TASK DESCRIPTION » Reproduce the entries beneath exactly, without their images.

INFORMATION »

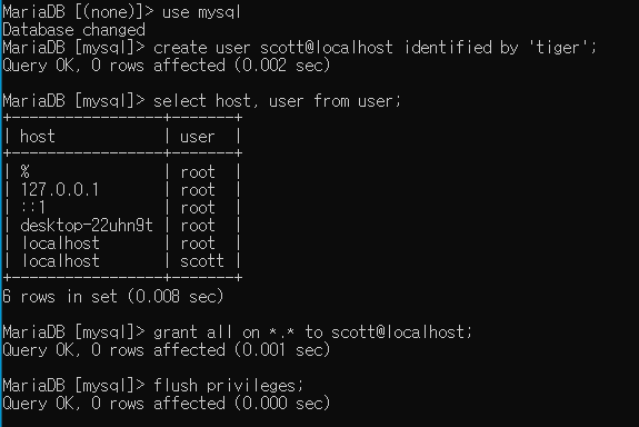 grant all on *.* to scott@localhost; --> 사용자에게 권한을 줌..
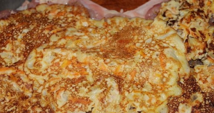 7. З отриманого тесту спечемо на сковороді 3 млинця, які розкладемо по маринованному м’яса.
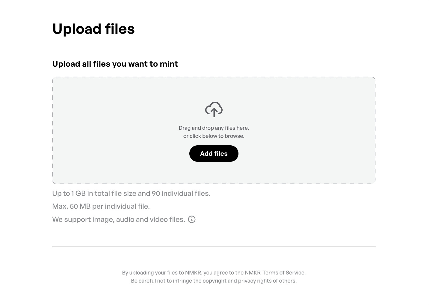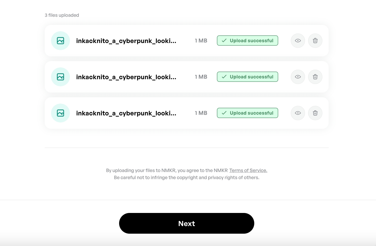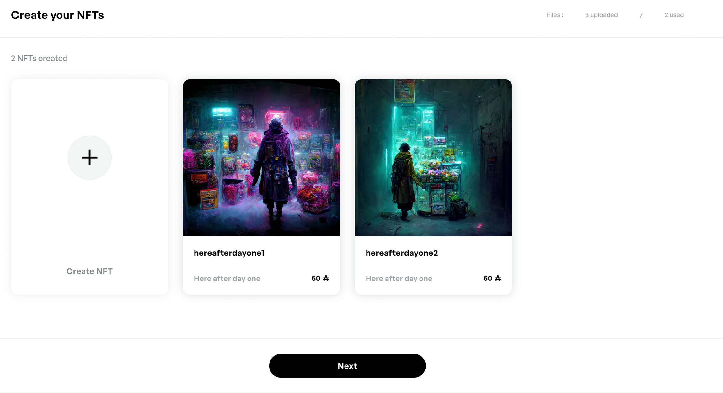 後でシングルNFTを作成するために使用するすべてのファイルをアップロードします。これは、後で各NFT用に最大6つのファイルを選択するために作成するカタログのようなものです。
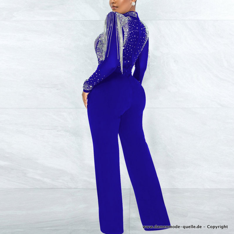 Sexy Jumpsuit Einteiler Lang in Blau mit Diamant Applikationen
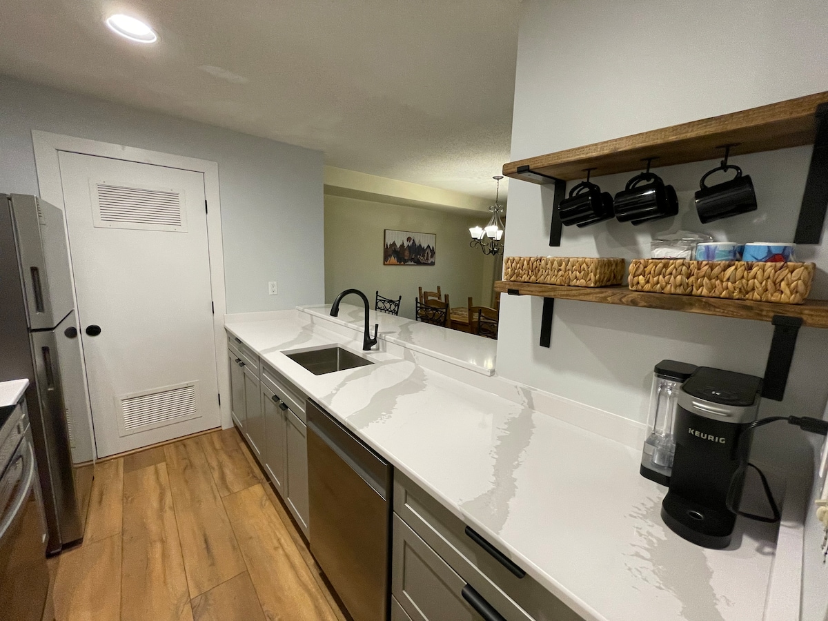 The Handle Lodge at Snowtree Condos is a modern 1BR condo at the base area of Mount Snow. Comfortably sleeps 6 adults and is fully equipped with everything you'll need for a fun getaway with friends and family. Make a meal in the beautiful kitchen or step out on the balcony for stunning mountain views. Our modern and cozy decor, the lovely views, and proximity to the mountain make it a great place to relax and recharge.
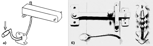 Рис.8. Замок-засов: а) Г-образный ключ; б) современный замок
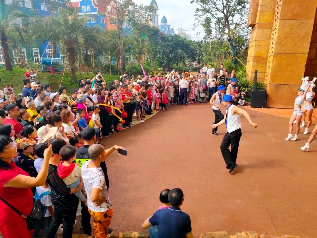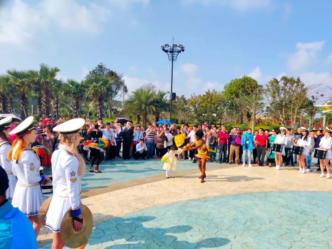 火山民俗乐,欢喜幸福游,2019年海口火山口地质公园春节游园同样气氛热烈。当天,园区内外洋溢着喜庆氛围,乡村大舞台、环廊广场、五环广场等主要场所,黎族歌舞、儋州调声、竹竿舞、树叶吹奏、琼剧、火山八音、魔术等春节民俗歌舞盛宴,精彩的民俗表演轮番演出,令人眼花缭乱、目不暇接。

SOLUTION TO THE EXERCISE »
 grant all on *.* to scott@localhost; --> 사용자에게 권한을 줌..
 7. З отриманого тесту спечемо на сковороді 3 млинця, які розкладемо по маринованному м’яса.
 後でシングルNFTを作成するために使用するすべてのファイルをアップロードします。これは、後で各NFT用に最大6つのファイルを選択するために作成するカタログのようなものです。
 Sexy Jumpsuit Einteiler Lang in Blau mit Diamant Applikationen
 The Handle Lodge at Snowtree Condos is a modern 1BR condo at the base area of Mount Snow. Comfortably sleeps 6 adults and is fully equipped with everything you'll need for a fun getaway with friends and family. Make a meal in the beautiful kitchen or step out on the balcony for stunning mountain views. Our modern and cozy decor, the lovely views, and proximity to the mountain make it a great place to relax and recharge.
 Рис.8. Замок-засов: а) Г-образный ключ; б) современный замок
 火山民俗乐,欢喜幸福游,2019年海口火山口地质公园春节游园同样气氛热烈。当天,园区内外洋溢着喜庆氛围,乡村大舞台、环廊广场、五环广场等主要场所,黎族歌舞、儋州调声、竹竿舞、树叶吹奏、琼剧、火山八音、魔术等春节民俗歌舞盛宴,精彩的民俗表演轮番演出,令人眼花缭乱、目不暇接。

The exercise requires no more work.